Given that much of the innovation at the serving layer is also happening in open source — even companies like Nvidia are now releasing open-source serving frameworks — that further strengthens our belief that we’ll soon be able to deploy applications like RunLLM efficiently in a variety of environments. Today, that primarily means in customers’ cloud accounts, but that could eventually even be in more security sensitive environments (e.g., on-prem or airgapped infrastructure) as well.
American open-source AI is behind
It hasn’t escaped everyone’s notice that this is now the second impressive open-source LLM that has come from a Chinese company, which adds to the general sense of disappointment that came from the underwhelming Llama 4 release last month. The fact that Meta is still the only company in the west that is building credible open-source models — and with a strange & restrictive license at that — is disappointing. All the other players have switched away from open models or quietly dropped their model building efforts.
While the open nature of these models reduces the concerns about security, it’s generally bad for the ecosystem if models built in the US are closed-only. The obvious concern is whether models taken off the shelf from potentially hostile governments might not have been exposed to a diversity of data. Longer term, we want to get into the habit of building models out in the open — in a way that promotes community enforcement of standards, oversight, and awareness. Open models from American companies will also help promote collaboration with researchers without concerns about interference from foreign governments.

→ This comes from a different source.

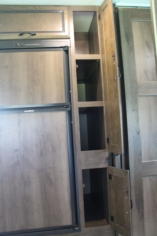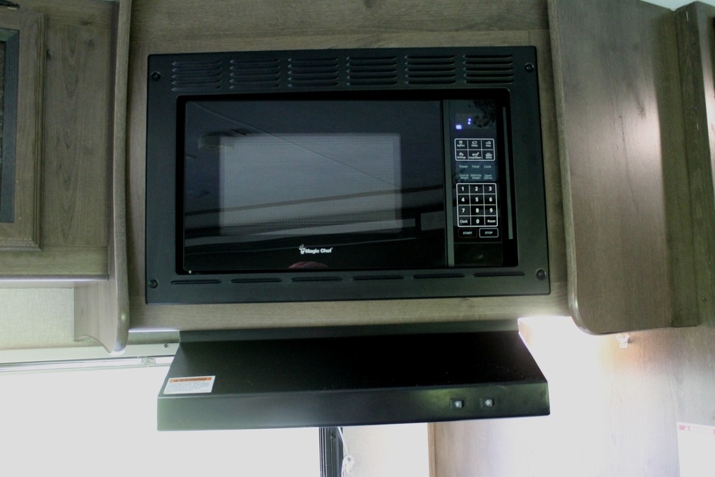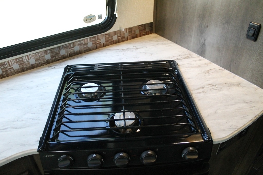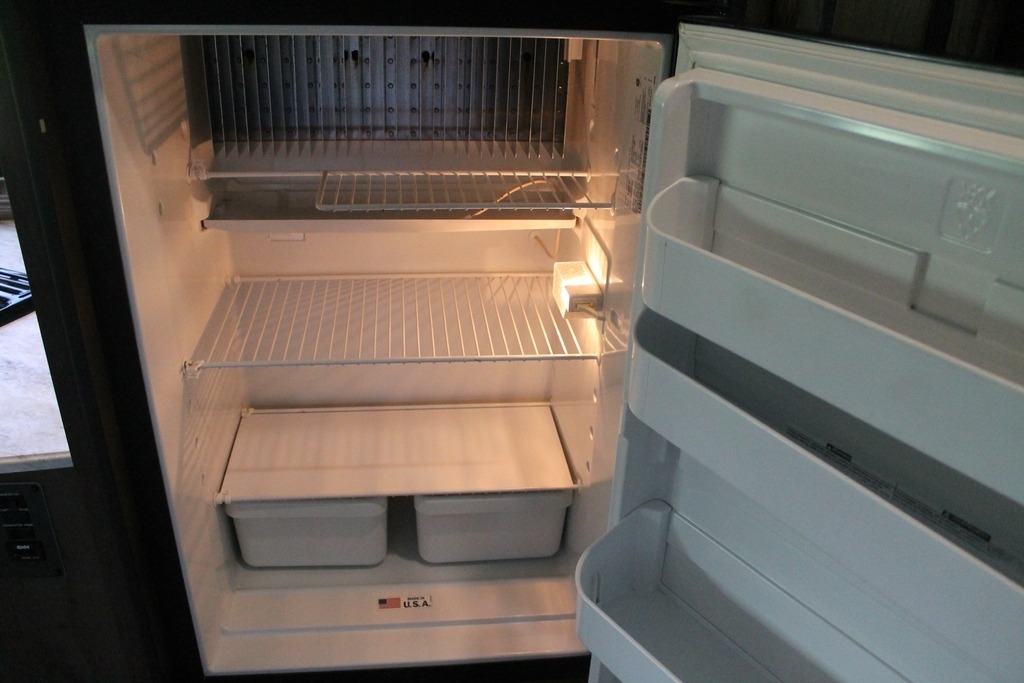 The kitchen has a three-burner gas stove with gas oven, a microwave (.9 CF), as well as an 8 CF refrigerator/freezer, operable on 110 V AC or LP Gas with Auto-select for use when on the road without having to run the generator. The dinette has easy access storage bins under the seats and can be converted to a bed. The pull-out couch also has a storage compartment underneath. Dinette seats have built in seat belts (4) as does the futon/sofa (3).

On a related note, our friend Nathan Lambert made a related argument about the perceived and real perils of adopting open-weight models from China this week.
More options are good (if you know how to use them)
For all the reasons we outlined above, having more options for high-quality, reliable language models is a good thing. However, every model release now comes with a plethora of configurations — different sizes, base models, instruction-tuned models, reasoning-enabled models, sparse and dense models, and so on. What that means is that as an application builder, you have to know how to pick the right model for your task. Blindly picking a model and dumping it into your application probably won’t have the intended effects.
We’ve discussed evaluation frameworks quite a bit previously, and we’re increasingly convinced that general-purpose evaluation frameworks are only useful as directional guides. For a more specific analysis of how a new model will improve your application you need an evaluation framework specific to your application. We’ve been procrastinating on building this at RunLLM because so much of our performance is dependent on the data customers give us, but we’ve finally decided to bite the bullet. If you’re trying to keep up with everything going on with new model release, you’re probably going to need to do the same thing.
There may be a day where new model releases become like iPhone launches — something we all get excited about but are ultimately disappointed by because the incremental improvements are somewhat meaningless. (We’ve already seen that with launches like Llama 4.) For now, there’s still a lot to learn from every incremental model release, especially when those releases enable new classes of use cases that weren’t possible before.
Open models are at the forefront of things that are exciting for us, and Qwen 3 shows us that DeepSeek wasn’t a blip on the radar. Open-weight frontier models (with permissive licenses) are here to stay, and we need to work them into our view of the world. That means more open-weight models — ideally from US companies! — and more flexibility for application builders. We’re particularly excited about the rumors that OpenAI may be finally living up to their name and jumping into this arena!